We left at 8 in the morning. We were told to anticipate a long drive and not many opportunities for food. So I brought some banana bread. I was at the little convenience store that is roughly 200 feet from my room and they had several bunches of old bananas for free. I don’t know about you, but even when something seems old or useless, free is hard to leave behind. Naturally I grabbed 3 bunches. I bought flour and baking soda and vanilla and all the other stuff I needed to make the bread. Let me assure you that making banana bread with one ceramic bowl that also served as the actual baking vessel and no whisks, spoons, or measuring devices is no easy feat.

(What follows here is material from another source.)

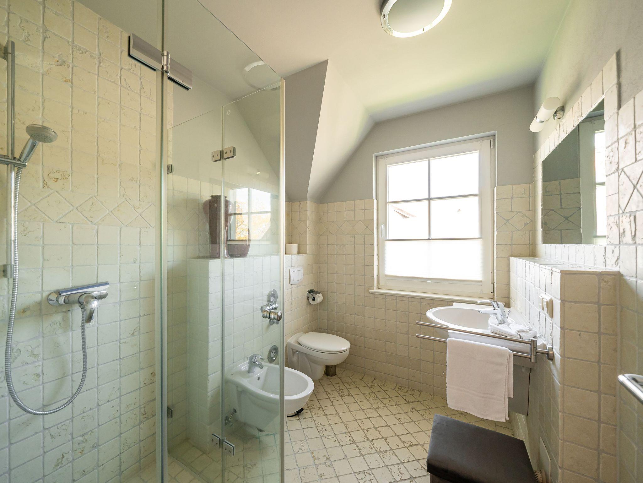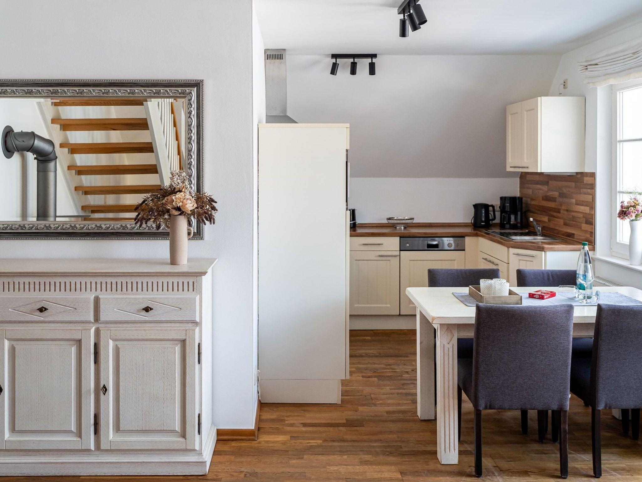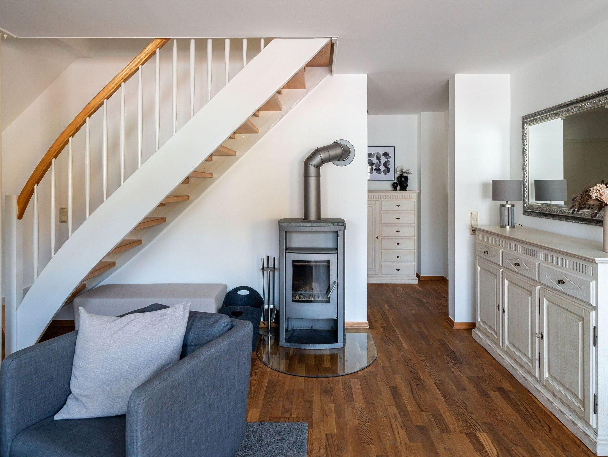 Einen Katzensprung entfernt zur Ostsee können Sie den Abend bei schönem Sonnenuntergang und einem Glas Wein auf dem Balkon (zur Straßenseite) ausklingen lassen. Das gesamte Ambiente der Wohnung ist hell und freundlich und wurde hochwertig und geschmackvoll eingerichtet. Die Küchenzeile ist mit einem Geschirrspüler, Mikrowelle sowie einem Herd mit Backofen ausgestattet. Die Wohnung verfügt eine TV-Sat-Anlage. Außerdem können Sie wohlige Gemütlichkeit am Kaminofen im Wohnbereich genießen. 2 - 4 Personen finden in dieser Wohnung statt. Es gibt zwei Schlafzimmer mit Doppelbett und zwei Bäder. Im Obergeschoss befindet sich ein Schlafzimmer mit Doppelbett sowie einem Badezimmer mit Dusche / WC. Im Dachgeschoss befindet sich das zweite Schlafzimmer mit Doppelbett sowie einem Badezimmer mit Badewanne / WC.

Anyway, the banana bread was a hit on the way to Avebury. The girls were heartily impressed. I have requests for future loaves already. To the trip though: Avebury and Stonehenge. Surely you have all heard of the latter, but I found the former to be far more interesting. Avebury is actually the largest stone circle in the world. It is over a mile in circumference with a series of concentric layers. The stones vary in size, and indeed many are missing. The guide kept going on about the mystical powers of the place, which was very interesting. The area, they have found, has very high amounts of magnetic energy. It is speculated that the ancients, some 5,000 years ago used the area to cure and help abate arthritis. The magnetism supposedly helps, so if it ails you, Avebury is very pretty and has a couple of pubs and a lovely church and village.

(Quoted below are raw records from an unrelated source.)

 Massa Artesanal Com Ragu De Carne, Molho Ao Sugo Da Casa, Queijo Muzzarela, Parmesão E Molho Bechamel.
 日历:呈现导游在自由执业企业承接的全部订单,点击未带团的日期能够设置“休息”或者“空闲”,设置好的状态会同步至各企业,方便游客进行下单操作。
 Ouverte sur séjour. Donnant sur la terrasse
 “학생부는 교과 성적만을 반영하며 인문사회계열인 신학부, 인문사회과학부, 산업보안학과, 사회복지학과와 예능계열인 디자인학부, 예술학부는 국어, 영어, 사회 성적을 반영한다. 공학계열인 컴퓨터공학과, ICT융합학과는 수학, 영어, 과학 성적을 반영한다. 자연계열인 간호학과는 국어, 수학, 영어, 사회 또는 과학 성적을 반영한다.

Sophia was ecstatic about the whole thing, after all, she wants to be an archaeologist. She wanted to see everything and walked faster than I have ever seen her walk. It is usually me that has to look back and wait, but the role reversal was fun and to me, funny. I was interested in stopping to see a pub and talk to some natives, she wanted to go see the churchyard. We split up for a while to satiate our different thirsts, mine of course quite a literal one. I even ordered a goat cheese dish with my ale, and fortunately the cheese was the saving grace of the Lionsgate Pub in Avesbury. The ale was way too hopped and bitter for its own good, and its head was more similar to bathwater foam than the creamy froth I have grown to know and love here. The cheese, battered and fried, was served with pineapple chutney, which really helped because the cheese was quite fresh and ‘goaty.’ A good experience in Avebury, I would say.

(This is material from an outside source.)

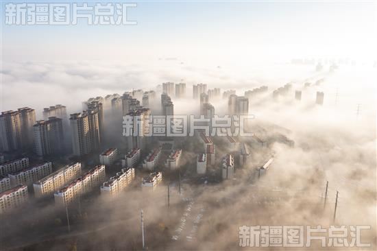 2023年11月21日,雨雪过后的昌吉市城区出现了平流雾自然现象,城区被雾气环绕仿佛披上了一层薄纱,钢筋混凝土组成的楼宇之间,缥缈的云层如丝带般轻柔地拂过。云雾与城市交叠在一起,仿佛一座“天空之城”。

We all climbed aboard the charter bus to travel the 45 minutes to Salisbury, the home of the famous Stonehenge. From the first glimpse from the bus, I was surprised at how small it was. Don’t get me wrong, the stones were very big, and at closer inspection in fact huge. However, the size of the circles in which they were arranged was much smaller than I anticipated. The audio devices told of the various stages in the development and use of the henge, but getting close to the stones proved impossible. Ropes and a few guards kept us at least 20 feet from the stones themselves. This still permitted quite a few good pictures, but I had no idea how popular the attraction was. Hundreds of people aside from the 50 students on my particular trip were there, slowly milling about the circumference of the ancient site. In typical fashion, there was a herd of sheep in the pasture directly across the site too. The tour around was fun, but short. We then walked to the barrows. They are huge mounds of earth with one person underneath it all. There is actually stone structure to each of them, they occasionally excavate one at a time. They find daggers, gold earrings, shields, clothing, and all sorts of ancient goods in the tombs. Pretty cool. It was fun to see kite flyers and kids running around, though they were somewhat loud and obnoxious for the “polite English” I was told to expect. Unruly little boys, it seems, are not limited to my house alone, despite my mother’s rants to the contrary from my youth. Ha.